Massive Exploration of Pseudo Data for Grammatical Error Correction
IEEE/ACM Transactions on Audio, Speech, and Language Processing
Collecting a large amount of training data for grammatical error correction (GEC) models has been an ongoing challenge in the field of GEC. Recently, it has become common to use data demanding deep neural models such as an encoder-decoder for GEC; thus, tackling the problem of data collection has become increasingly important. The incorporation of pseudo data in the training of GEC models is one of the main approaches for mitigating the problem of data scarcity. However, a consensus is lacking on experimental configurations, namely, (i) the methods for generating pseudo data, (ii) the seed corpora used as the source of the pseudo data, and (iii) the means of optimizing the model. In this study, these configurations are thoroughly explored through massive amount of experiments, with the aim of providing an improved understanding of pseudo data. Our main experimental finding is that pretraining a model with pseudo data generated by back-translation-based method is the most effective approach.
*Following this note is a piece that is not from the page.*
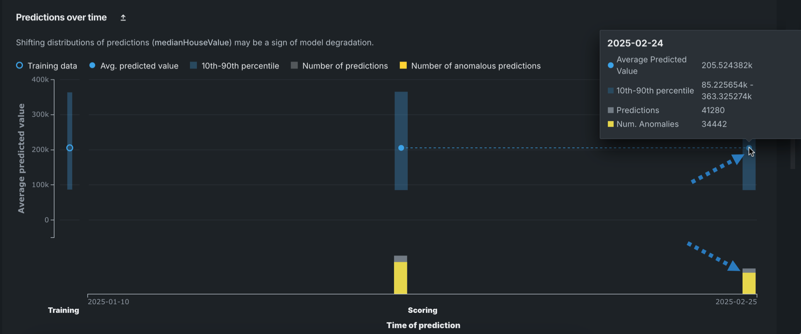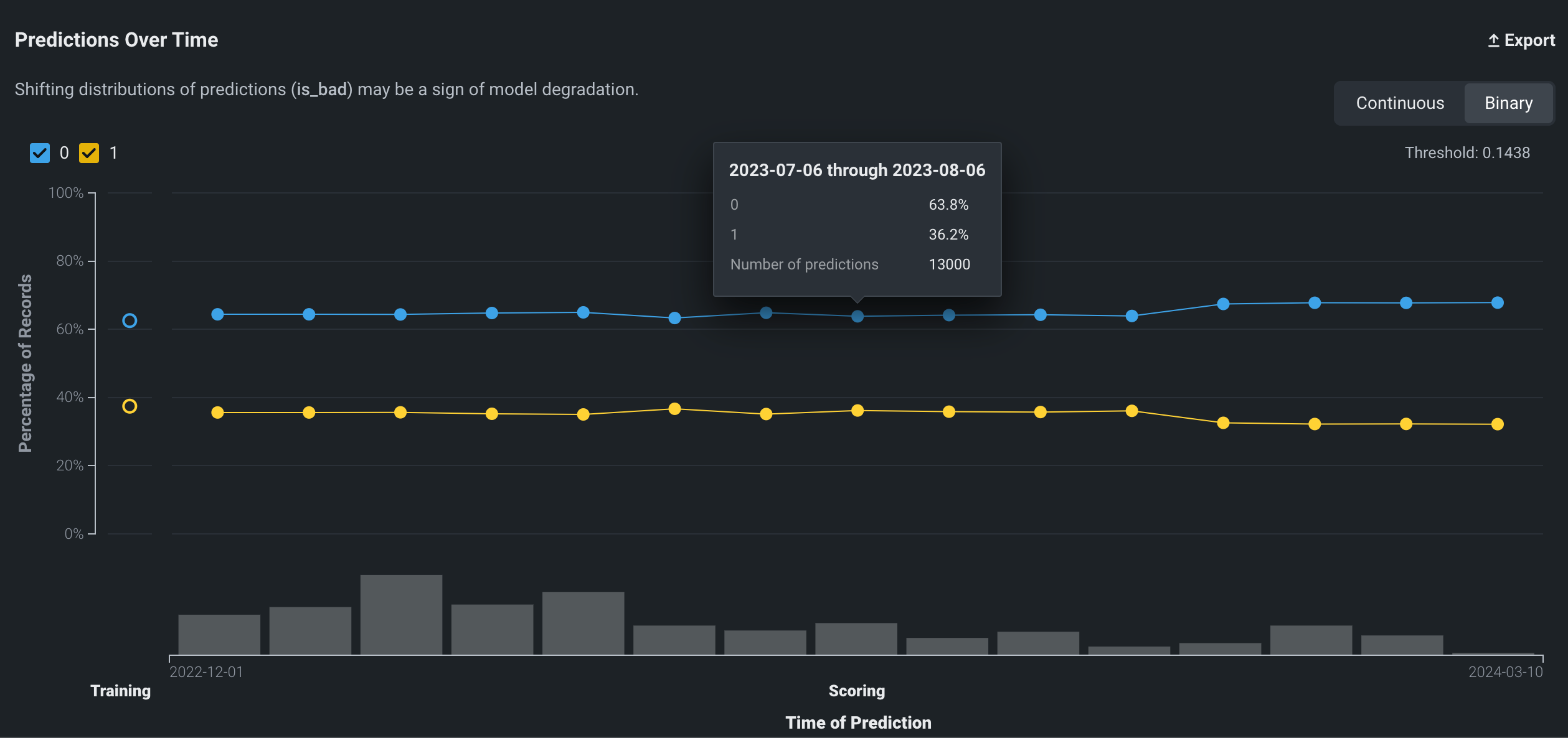 | 2 | Switch between continuous and binary modes in the predictions over time chart for a binary classification deployment. Hover over a point on the chart to view its details. |

Our findings are supported by the achievement of state-of-the-art performance on multiple benchmark test sets (the CoNLL-2014 test set and the official test set of the BEA-2019 shared task) without requiring any modifications to the model architecture. We also perform an in-depth analysis of our model with respect to the grammatical error type and proficiency level of the text. Finally, we suggest future directions for further improving model performance.